Двухголосый сигнал означает, что территория занята, что образован семейный союз, что это сила, которая за себя постоит, и это подтвержденье любви со взаимностью.

В мещерских краях мы слышали семейные голоса, но не видели журавлей. Как они выглядят в момент демонстрации единенья?

Но случай это понаблюдать представился в усадьбе Окского заповедника. В журавлином питомнике тут живут птицы со всего света.

Есть пара и черно-белых красавцев — японских журавлей. Отличить, где самец, а где самка, сразу нельзя. Но вот мы кинули подношенье — мертвую мышь — и рыцарь немедленно обнаружился: как пинцетом он подхватил лакомство и отнес самке. А когда с фотокамерой я осторожно прошел в вольер, семейная пара единым голосом, как это было бы и в природе, объявила, что полянка с остатком апрельского снега — ее территория, что союз обладателей этого, пусть и огороженного жизненного пространства крепок и что весна на дворе — пора броженья жизненных сил… Две совершенно одинаковые птицы. Только самец, трубя, поднимал кверху крылья.

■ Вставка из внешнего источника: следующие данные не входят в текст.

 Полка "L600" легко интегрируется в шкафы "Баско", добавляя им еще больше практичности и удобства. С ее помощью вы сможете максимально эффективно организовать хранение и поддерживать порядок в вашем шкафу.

Все, кто слышал в эту минуту за пеленой леса звонкий, переливчатый крик, думал, что это крик одного журавля. А это был сильный, слаженный голос дружной семьи.

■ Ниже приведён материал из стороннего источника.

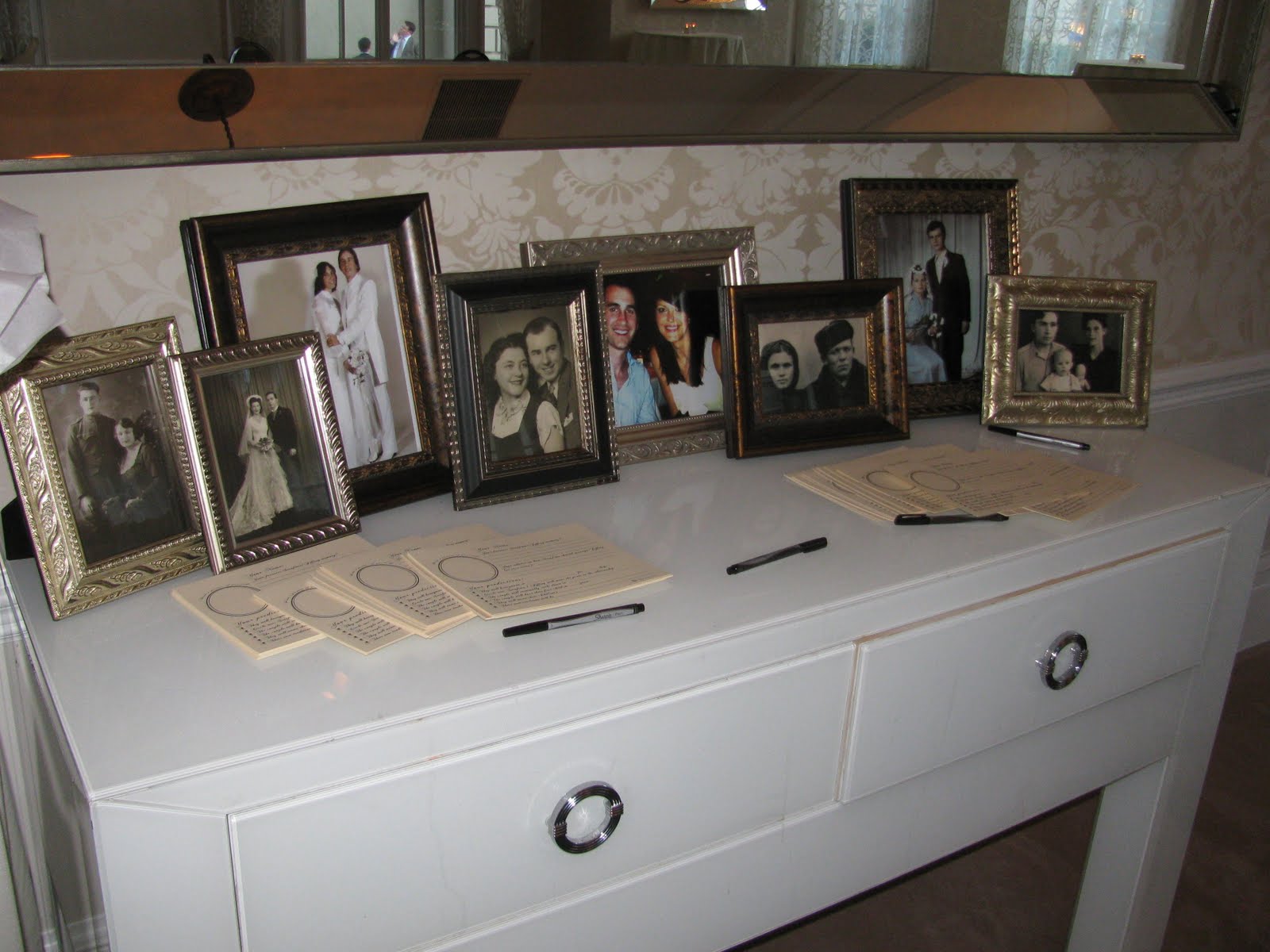 With emphasis on the tradition of generations celebrating and participating in a life event, a table in the cocktail area was garnished with family photos of four generations. Guests were asked to leave words of wisdom for the bride and groom.

 Фото автора. 12 апреля 1986 г.

Поймать анаконду…

(Окно в природу)

Полное собрание сочинений. Том 16. В час высокой воды - _64.jpg

Помню беседу со стариком охотником во Вьетнаме. Мы сидели в избушке на сваях, около тлевшего на полу камелька. Моросил дождик. Избушку со всех сторон обступали мокрые непролазные джунгли. Лет старику было много.

Жил он воспоминаниями.

— Это ружье я купил, когда убил тигра, — сказал старик и показал что-то напоминавшее древний мушкет. — А это — когда поймал удава…

— Вы что же, продали удава?

— Да, — сказал старик. И с удовольствием стал вспоминать, как с другом в молодые годы натолкнулись в джунглях они на змею, как схватили ее за голову и за хвост, как боролись с удавом, как потом вытянули его и, привязав к бамбуковому шесту, торжественно принесли на базар. — Мясо удава вкусно и очень любимо в наших местах…

Этот рассказ я вспомнил, получив недавно снимок с другой стороны света — из Южной Америки. Индейцами тоже пойман удав, но водяной — анаконда… Снимок дает представление о размерах легендарной змеи. Живет она в водах реки Амазонки и многих его притоков.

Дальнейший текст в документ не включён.